The Importance Of Thorough Testing
Well-established stress testing procedures can determine if your site can handle unusually high traffic spikes, while ramp tests reveal how much traffic your web server can handle before performance slows to a crawl. Basic load tests help determine web server performance under expected load demands such as shopping cart functionality. However traditional testing may not accurately determine what can happen under extreme load conditions – as was the case with the environments hosting the ticket-selling services.

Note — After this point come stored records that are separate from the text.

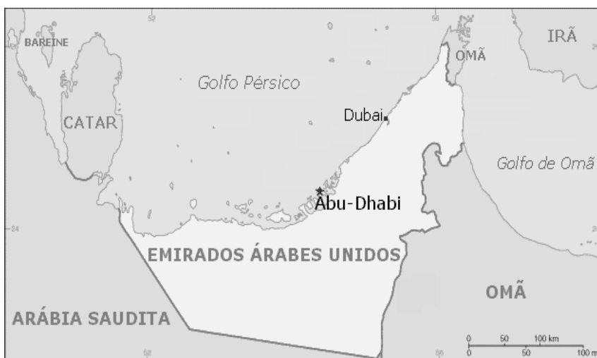
Figura 2: Localização de Dubai nos Emirados Árabes Unidos

Localiza-se a nordeste dos Emirados e tem saída para o Golfo Pérsico, uma região estratégica e de papel importante na economia do Oriente Médio.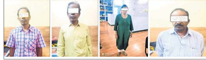
ଗିରଫ ୪ ଅଭିଯୁକ୍ତ।

ଉତ୍ତମାଧିକାରୀଙ୍କୁ ୨୫ଲକ୍ଷ, ରାୟଗଡ଼ ସରକାରୀ ଏସ୍ଏସ୍ଡି ଉଚ୍ଚ ମାଧ୍ୟମିକ ବିଦ୍ୟାଳୟକୁ ୨୫ଲକ୍ଷ, ନୂଆଗଡ଼ ରୁକ୍ମିଣୀ ୨୫ଲକ୍ଷ, କେସିପୁର ସରକାରୀ ଉଚ୍ଚମାଧ୍ୟମିକ ବିଦ୍ୟାଳୟକୁ ୨୫ଲକ୍ଷ, ରାମଚନ୍ଦ୍ର ସରକାରୀ ଉଚ୍ଚ ମାଧ୍ୟମିକ ବିଦ୍ୟାଳୟକୁ ୨୫ଲକ୍ଷ ସହାୟତା ରାଶି ଅନୁମୋଦନ ହୋଇଛି।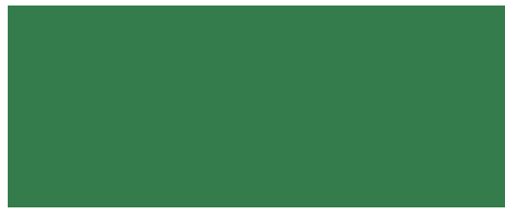
VERDE PALMA F010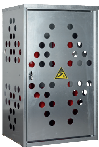
K-GFS 10, Article no. C27-3210-B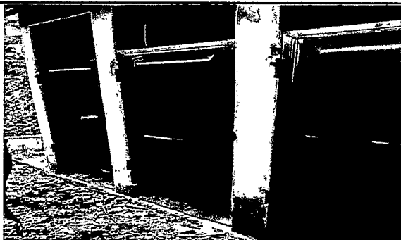
Foto 5: Se observa que las puertas del servicio sanitario ya están colocadas.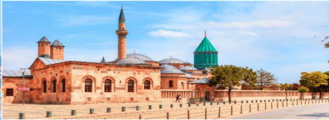
พิพิธภัณฑ์เมฟลานา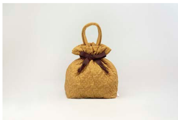
ご購入上げプレゼント 「オリジナル 巾着トート」

With many of today’s web applications hosted on scalable on-demand platforms, as load and access increases, new servers and services automatically spin up to accommodate the added user influx. Yet, if these new services do not come up, or do not happen effectively, network and application latency actually increases. This can have catastrophic effects on application scale, performance, and user access.

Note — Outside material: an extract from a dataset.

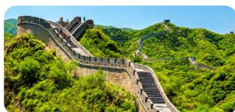
Vạn Lý Trường Thành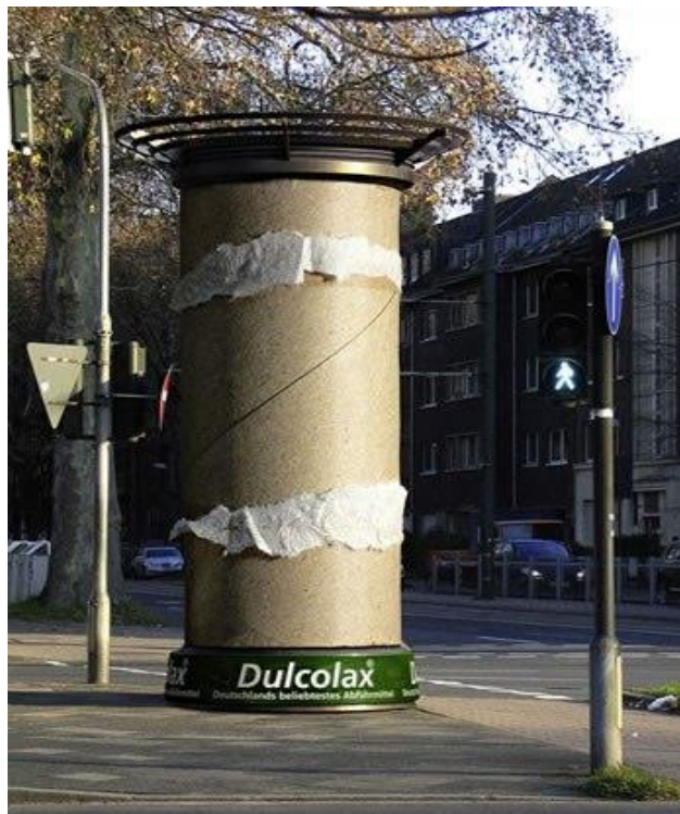
Slika 3. Dulcolax ova kampanja

Yet, these types of network failures are just what keeps my job interesting. I welcome these unexpected outages with the verve and vigour of a Rebel Alliance smackdown, rising to the challenge. Working for a company that creates network stress test equipment and solutions requires a taste for battling forces seemingly beyond one’s control. Plus, if networks were predictable, I’d be out of a job. And, what experience provides is not the ability to logically predict network behaviour, but rather instinctively where to anticipate problems, and where trouble spots might arise. With this principle in place, the real testing can begin.

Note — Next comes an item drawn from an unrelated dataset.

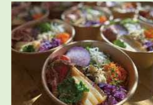
あやせのロケ弁一例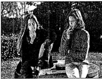
La personalidad se relaciona con la salud al influir en comportamientos relacionados con ésta, como fumar.

Además de la salud, muchos de los problemas importantes en el afrontamiento y la adaptación pueden rastrearse hasta la personalidad. En este dominio, ciertas características de la personalidad se relacionan con una mala adaptación que se han designado como trastornos de personalidad. El capítulo 19 está dedicado a los trastornos de personalidad, como el trastorno de personalidad narcisista, el trastorno de personalidad antisocial y el trastorno de personalidad evitativa. Puede profundizarse una comprensión del funcionamiento "normal" de la personalidad al examinar los trastornos de personalidad, del mismo modo que en el campo de la medicina,

Farce To Force: A Strategy For Testing Times
The secret of today’s most advanced test tools is that they not only can model your network accurately in the laboratory, but can also subject the model to highly realistic operating stresses. It is not enough to chuck a load of packets into the system to see if it can carry them, because surprising things can happen as a result of traffic patterns.
The traffic pattern from a voice exchange is very different from that of an e-mail exchange, or a video stream. Interactions between these patterns superimposed on a network can generate unexpected stress – so a valid test must be able to mix and match truly realistic traffic scenarios and then exaggerate them to also see what happens under traffic peaks such those experienced in the Star Wars ticket gaffe.
Then there is another factor: what happens when a cyber attack is added to the mix? A good test solution will connect to a cloud database that includes the very latest attack patterns that can be applied to the model under test. The ability to realistically emulate millions of users accessing a web application at high rates, means that administrators can predict from their own immediate experience what will happen to the network and the application under many diverse load conditions.
You can use that knowledge to make changes to the network model, tweaking its weak points then re-testing to see the improvement and deciding whether it is worth upgrading the actual network. Or you can simply make a note of the system’s limits: forewarned is fore-armed, and your crisis management strategy will be built on foreknowledge. Emulation provides the valuable intelligence that supports predictable success, whether in ticket sales, managing attacks, right-sizing a network to maximise ROI and minimise TCO, or just ensure that everything continues to run as expected.
Yoda once said, “Difficult to see. Always in motion is the future”. So shouldn’t your test strategy be always in motion? Test with the times or – even better – get ahead of the times!